The suggested responses above are all good so I’d pick one of those and put it out of your mind. She’s probably so delighted to be losing weight that in her excitement she thinks she’s got smaller than you - but she won’t be able to really tell and her perceptions will be warped.
if I went on how I felt and what I saw in the mirror my perceived weight (not my actual weight!) would be fluctuating by a good 4 dress sizes in the course of any week!

Quitelikeit · 02/04/2025 17:54

Some people are actually deluded about their own size 😂😂

Especially when they compare themselves to friends and think they are slimmer

What size are you OP?

luna2025 · 02/04/2025 17:55

She sounds like my mum when I was a teenager
“oh I’m so much slimmer than you, oh my shoulders are tiny next to yours”
I was a size 14, she was a 26
But she would make me try clothes on in plus size shops and buy me stuff in a size 24 “so it doesn’t cling”

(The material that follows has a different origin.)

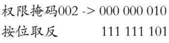此处的0002是八进制,并且只看后三位,将其转换为二进制为:000 000 010,此时就是权限掩码,它的作用是从起始权限中,去掉凡是在权限掩码中出现的权限。
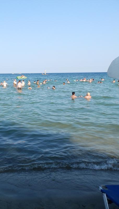Másnap egész napot a tengernél töltöttük. Hát, így hogy olvastam a tapasztalatokat nem lepett meg annyira, hogy egyetlen tűt nem lehetett leejteni annyian voltak, de ha nem olvasom, biztosan csalódást okoz. Viszont a part mentén balra sétálva kb 1 km-t egészen kellemes helyet találtunk kirakott napernyőkkel, ugyancsak első sorban, a tengertől pár méterre. A napozóágyakat 2 italért cserében adták, jó hűtött sörük volt, egy üdítővel kértük, kaptunk egy nagy tál chipset ajándékban, 7 euróért, ez meglepett, ennél sokkal többet szántam az ágy napi bérletére.

BatchCookBabe · 02/04/2025 18:02

Maybe it's just me being a cynical old witch, but I think this is coming from a place of spite and bitchiness. She may not even realise she's doing it, but it is a dig at you not being thin @Lifeisbetterwithcake When people lose weight, they notice how much 'bigger' people are now. Someone who was only 1-2 stone away from them in weight looked fine/like them pretty much, but when they're 5-6 stone lighter that person now looks much bigger (even though said person is still the same weight.)

Some people do make nasty barbed little jibes towards people who are bigger (size 18 or more) and I don't know why, and even people who were that size themselves do it. You'd think they'd know how hurtful it is, and not do it.

Sorry @Lifeisbetterwithcake but I think she is acting like a spiteful little b1tch. Don't rise to it though. As previous posters have said, just message back and say 'I'm nowhere near that size, so these clothes will be no good to me, and also, I have a pretty full wardrobe anyway. Thanks for thinking of me though.'

And who the fuck wants someone second hand leggings?! BOAK! 😖

Lifeisbetterwithcake · 02/04/2025 18:13

Quitelikeit · 02/04/2025 17:54

Some people are actually deluded about their own size 😂😂

Especially when they compare themselves to friends and think they are slimmer

What size are you OP?

I'm an 18/20

OP posts:
Wishyouwerehere50 · 02/04/2025 18:16

@BatchCookBabe I think you're right. Nobody wants second hand leggings. You can buy leggings for a pittance now, new.

So why would someone offer second hand cheapo leggings!?;

This person needs to be dodged is my initial feeling.